Masterworks Series: Sunflowers



Sunflower Celebration in Blank Verse*

She walks along the dampened garden path
To gather flowers for the entrance room.
The morning sun shines softly on the hill
Where grass still glistens from the heavy dew.

On ordinary days, the garden walk
Would calm her mind like gentle summer winds,
But on this day her thoughts are soaring high
Considering the guest to grace her home.

Her thoughts are set on welcoming her friend
Returning after years of work abroad.
That sweet connection latent in her heart
Now wakens with the thoughts of friendships past.

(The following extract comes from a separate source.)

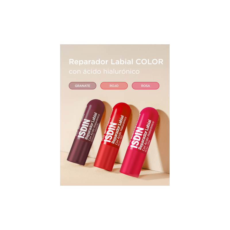 Más informaciónISDIN Reparador Labial Stick con color rojo es un bálsamo labial especialmente formulado para reparar, hidratar y proteger los labios frente a las agresiones externas como el frío, el viento o la sequedad ambiental. Su fórmula combina ingredientes emolientes y reparadores que suavizan la piel y restauran su barrera natural. Además, aporta un ligero tono rojo que realza el aspecto natural de los labios, ofreciendo cuidado y belleza en un solo gesto. El envase en stick de 4 gramos es cómodo, higiénico y fácil de llevar a todas partes.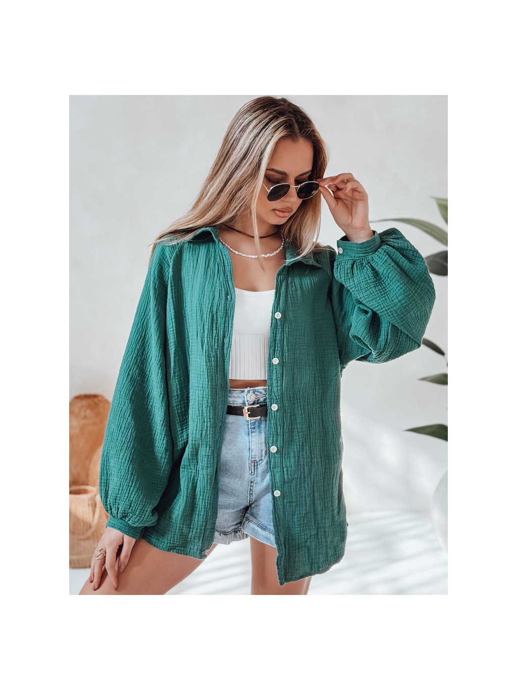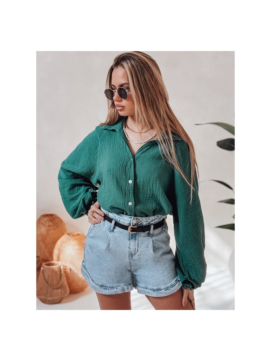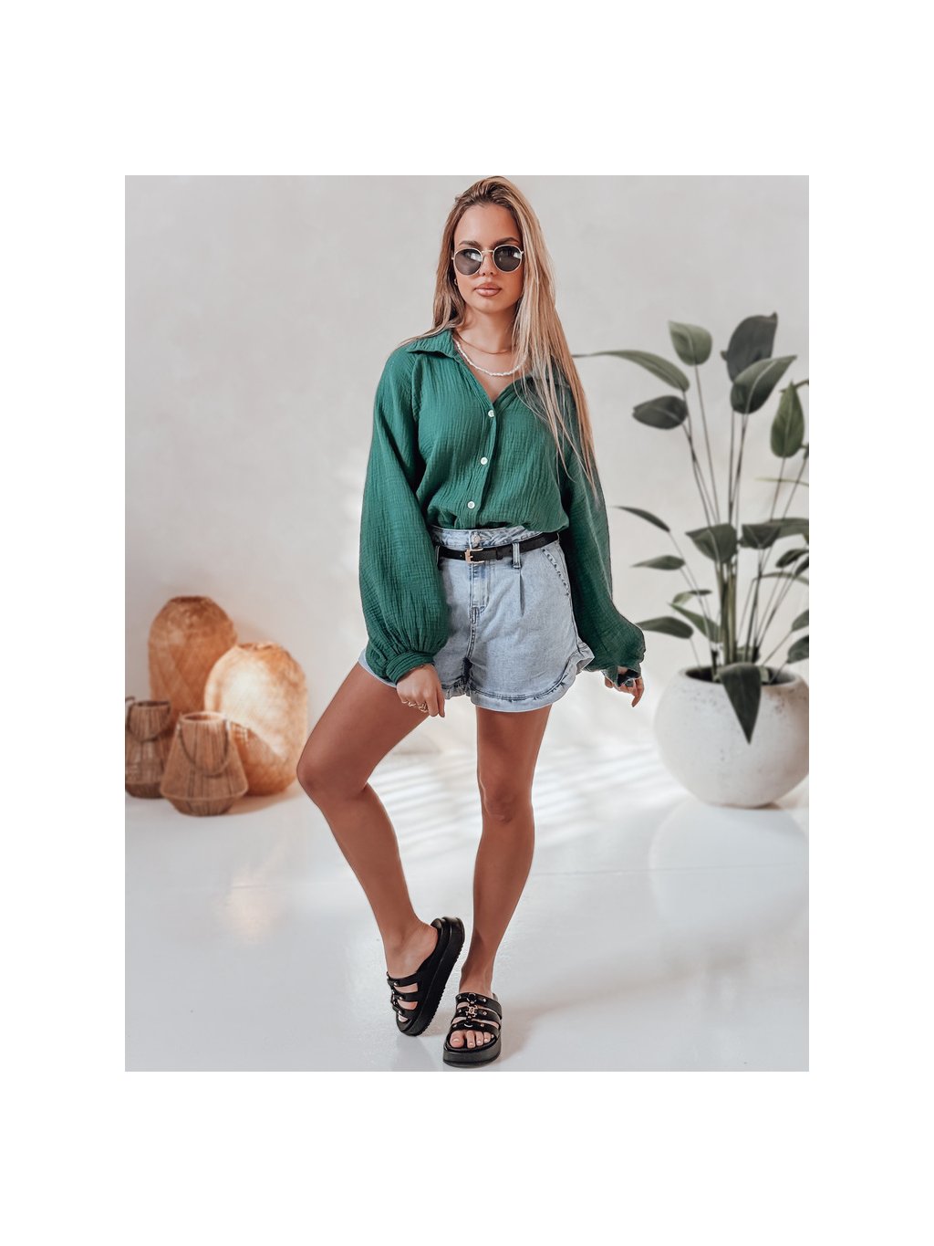 TMAVĚ ZELENÁ OVERSIZE DÁMSKÁ MUŠELÍNOVÁ KOŠILE MUSLINEA

Shared memories would be the common ground,
Yet even in their separate stories from
The years apart, the glad communion would
Remain to forge new days of caring trust.

So now her eyes behold the yellow blooms
That call out beauty, friendship, life and peace.
She chooses boldly – nothing subtle here –
A lively brightness in a single vase.

                                                                    ~ CK



*Blank verse: "Unrhyming iambic pentameter, also called heroic verse. This 10-syllable line is the predominant rhythm of traditional English dramatic and epic poetry, as it is considered the closest to English speech patterns. Poems such as John Milton’s Paradise Lost, Robert Browning’s dramatic monologues, and Wallace Stevens’s “Sunday Morning,” are written predominantly in blank verse." (Definition from The Poetry Foundation)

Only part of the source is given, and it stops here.